--- SUPPLIED RECORDS ---
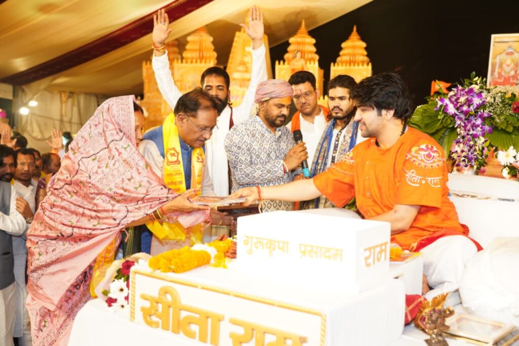 इस अवसर पर छत्तीसगढ़ के मुख्यमंत्री विष्णुदेव साय ने कहा कि छत्तीसगढ़ माता कौशल्या का मायका और प्रभु श्रीराम का ननिहाल है। उन्होंने बाबा पं. धीरेंद्र कृष्ण शास्त्री का प्रदेश में स्वागत करते हुए कहा कि उनके आर्शीवाद से नक्सलवाद पर विजय संभव हो रही है और प्रदेश में विकास की गति बढ़ रही है। मुख्यमंत्री ने यह भी आश्वासन दिया कि गाय को गौमाता का दर्जा देने की प्रक्रिया जल्द पूरी की जाएगी।
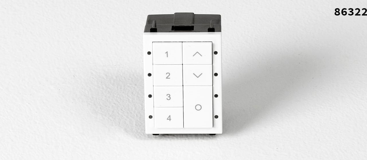 DIGIDIM 135W – Scene module with 7 buttons: 4 scenes as well as dim up/down and off button.
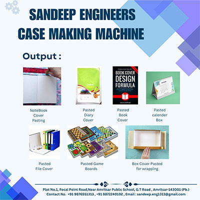 Sandeep Engineers semi-automatic Case-making Making Machine is manufactured as per the customer's demands or needs. Sandeep Engineers case-making machine is designed for short and medium-run jobs. It offers an efficient and precise gluing mechanism. It is suitable for various industries and delivers high-quality results with durability and reliability for professional packaging needs. Combining manual and automatic features, the machine streamlines the case-making process while still requiring operator intervention for certain tasks. The productivity of the case-making machine can be enhanced by the combination of other machines like the box forming machine and the box Corner Taping Machine. We also manufactured the Case-making machine with an automatic feeder.
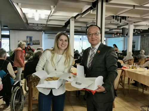 齐大使表示,国之交在于民相亲,中克两国都有尊老敬老的优良传统,照顾好老年人是全社会的共同责任,也是企业积极履行社会责任的体现。齐大使向养老院老人们赠送了使馆自制的中式传统点心,祝愿他们健康长寿。
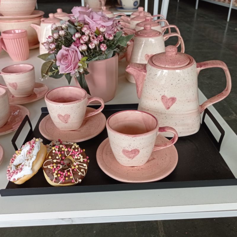 kit jogo xícara chá rosa 150 ml em cerâmica 6 un com bule 1.8 litro
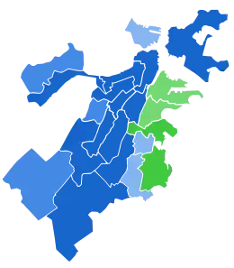 ![]() Results by ward Menino: 50–60% 60–70% 70–80% Brett: 50–60% 60–70% | ||||||||||||||||

--- TASK TO CARRY OUT ---
All the lines above are to be given again exactly as they read, with the pictures removed.

--- TASK SOLUTION ---
 इस अवसर पर छत्तीसगढ़ के मुख्यमंत्री विष्णुदेव साय ने कहा कि छत्तीसगढ़ माता कौशल्या का मायका और प्रभु श्रीराम का ननिहाल है। उन्होंने बाबा पं. धीरेंद्र कृष्ण शास्त्री का प्रदेश में स्वागत करते हुए कहा कि उनके आर्शीवाद से नक्सलवाद पर विजय संभव हो रही है और प्रदेश में विकास की गति बढ़ रही है। मुख्यमंत्री ने यह भी आश्वासन दिया कि गाय को गौमाता का दर्जा देने की प्रक्रिया जल्द पूरी की जाएगी।
 DIGIDIM 135W – Scene module with 7 buttons: 4 scenes as well as dim up/down and off button.
 Sandeep Engineers semi-automatic Case-making Making Machine is manufactured as per the customer's demands or needs. Sandeep Engineers case-making machine is designed for short and medium-run jobs. It offers an efficient and precise gluing mechanism. It is suitable for various industries and delivers high-quality results with durability and reliability for professional packaging needs. Combining manual and automatic features, the machine streamlines the case-making process while still requiring operator intervention for certain tasks. The productivity of the case-making machine can be enhanced by the combination of other machines like the box forming machine and the box Corner Taping Machine. We also manufactured the Case-making machine with an automatic feeder.
 齐大使表示,国之交在于民相亲,中克两国都有尊老敬老的优良传统,照顾好老年人是全社会的共同责任,也是企业积极履行社会责任的体现。齐大使向养老院老人们赠送了使馆自制的中式传统点心,祝愿他们健康长寿。
 kit jogo xícara chá rosa 150 ml em cerâmica 6 un com bule 1.8 litro
 ![]() Results by ward Menino: 50–60% 60–70% 70–80% Brett: 50–60% 60–70% | ||||||||||||||||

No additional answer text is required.